Turnkey, low-cost NXP i.MX RT-based voice solution speeds time to market.
In January 2019, Dave Limp, Amazon’s Senior Vice President of Devices and Services, stated in an interview with The Verge, that more than 100 million Alexa Voice Service (AVS) devices have sold world-wide. While this number pales in comparison to the number of smartphones that are pre-installed with Siri or Google Voice Assistant (GVA), people who buy Alexa compatible devices are often making an active choice to use Alexa, unlike smartphone users who may never use their pre-installed assistants. Having voice assistants built into phones is a nice feature, but it doesn’t give users the power and convenience of hands-free operation that they experience with devices like Amazon’s Echo smart speakers. According to Amazon, in addition to their own Echo speakers, these 100 million Alexa devices also include a wide range of third party devices made by over 4,500 different manufacturers, consisting of over 150 products with Alexa built-in and over 28,000 different products that work with Alexa.
By reducing cost and flattening the learning curve, a recently announced solution from NXP® Semiconductors is designed to facilitate the rapid growth in the number of products with Alexa built-in. For the first time, this solution enables a low-cost microcontroller unit (MCU) to be used to build Alexa into a much broader variety of devices, eliminating the need to use an expensive applications processor or microprocessor unit (MPU) and making it much easier for many manufacturers to add Alexa to their designs. It does this by leveraging the AVS Integration for AWS IoT Core that Amazon launched November 25th which enables Alexa to be built into MCU powered IoT devices. In this post we will review the differences between products that work with Alexa and those that have Alexa built-in. We also explore the differences between MCUs and MPUs, as they are key to understanding why using the AVS Integration for AWS IoT Core to deliver Alexa built-in will enable the proliferation of Alexa into smart home and smart appliance products.
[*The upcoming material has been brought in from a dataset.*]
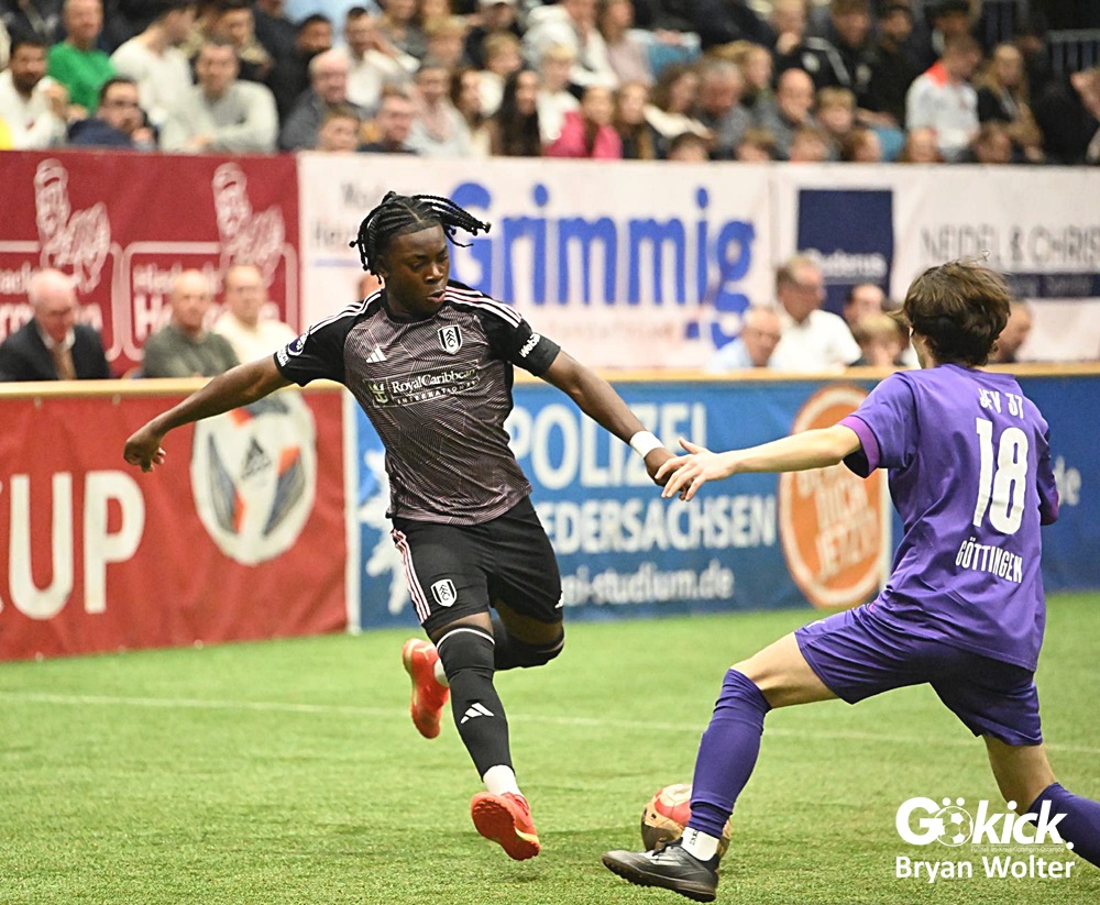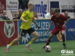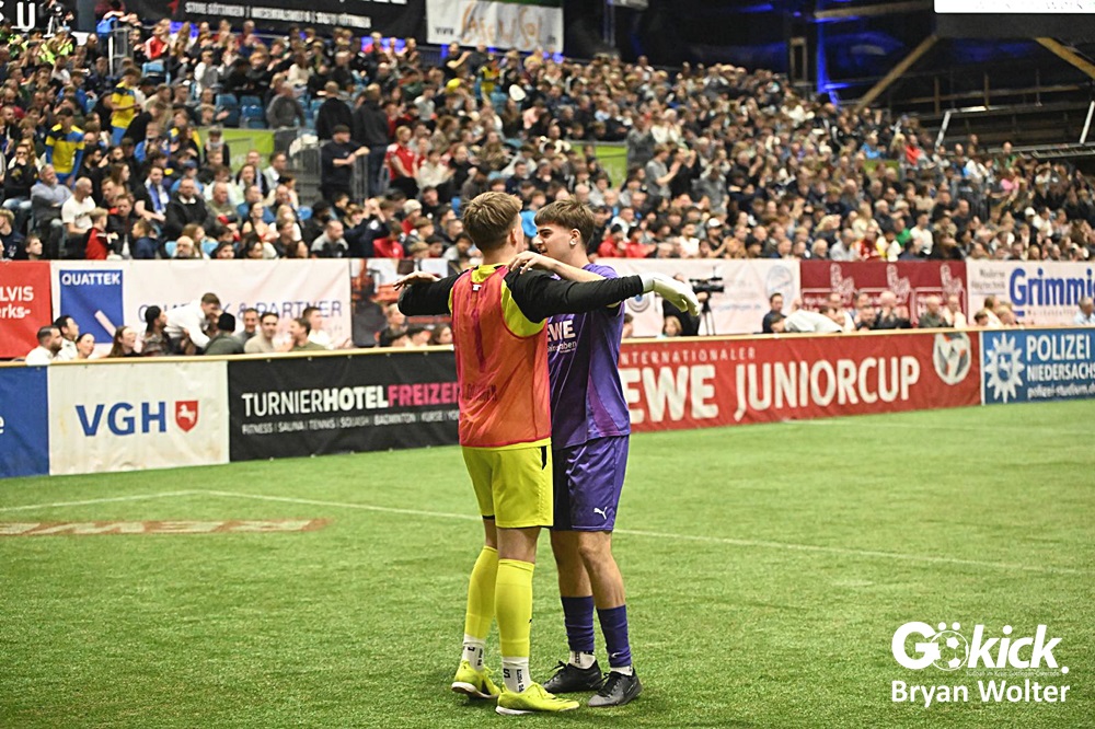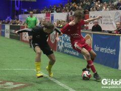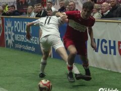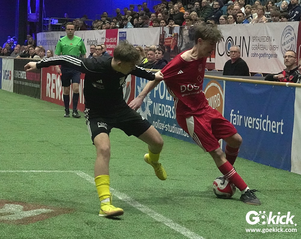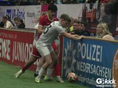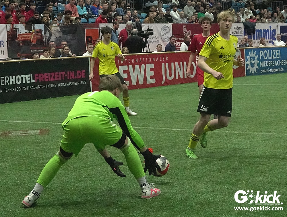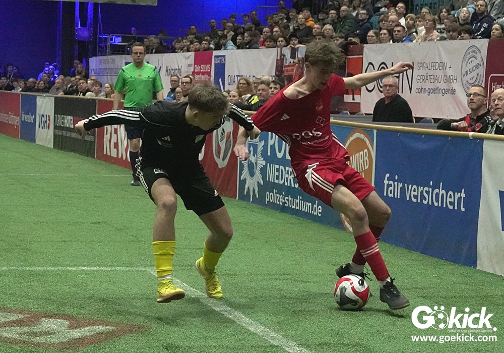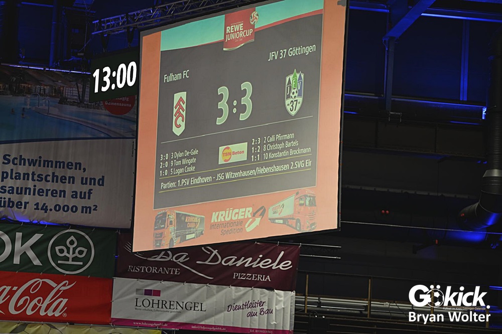 Der erste Spieltag des REWE JUNIORCUPs 2025 ist Geschichte. Das Schneechaos am Nachmittag und die damit verzögerte Anreise von Hannover 96 sorgten für eine Änderung des Spielplans und einen um eine Stunde verzögerten Beginn der Veranstaltung. Doch in der warmen Halle und bei guter Stimmung mit leckerer Verpflegung war der Abend ohne Verstimmungen auszuhalten. Der erste Tag brachte dann auch gleich die erste, kleinere Überraschung. In der TSN-Beton-Gruppe gelang es dem Landesligisten JFV 37 Göttingen, dem englischen Gast FC Fulham, beim 3:3 einen Punkt abzuknöpfen.

Works with Alexa vs. Alexa Built-in
There are around two hundred times as many different “Works with Alexa” products available today as there are products with Alexa built-in. This is because it is relatively straight forward for a manufacturer to add works with Alexa compatibility to an app controlled smart device. Furthermore, works with Alexa capability can be added to smart devices long after they have been sold and installed in the field. “Works with Alexa” means the device has been certified by Amazon to verify that it can be controlled by the Alexa Voice Service, using voice commands spoken into devices like Amazon’s Echo speakers. Original equipment manufacturers (OEMs) achieve this by creating their own Alexa Skills, or leveraging existing Alexa Skills such as those within the Smart Home Skill API, enabling users to control their devices with Alexa.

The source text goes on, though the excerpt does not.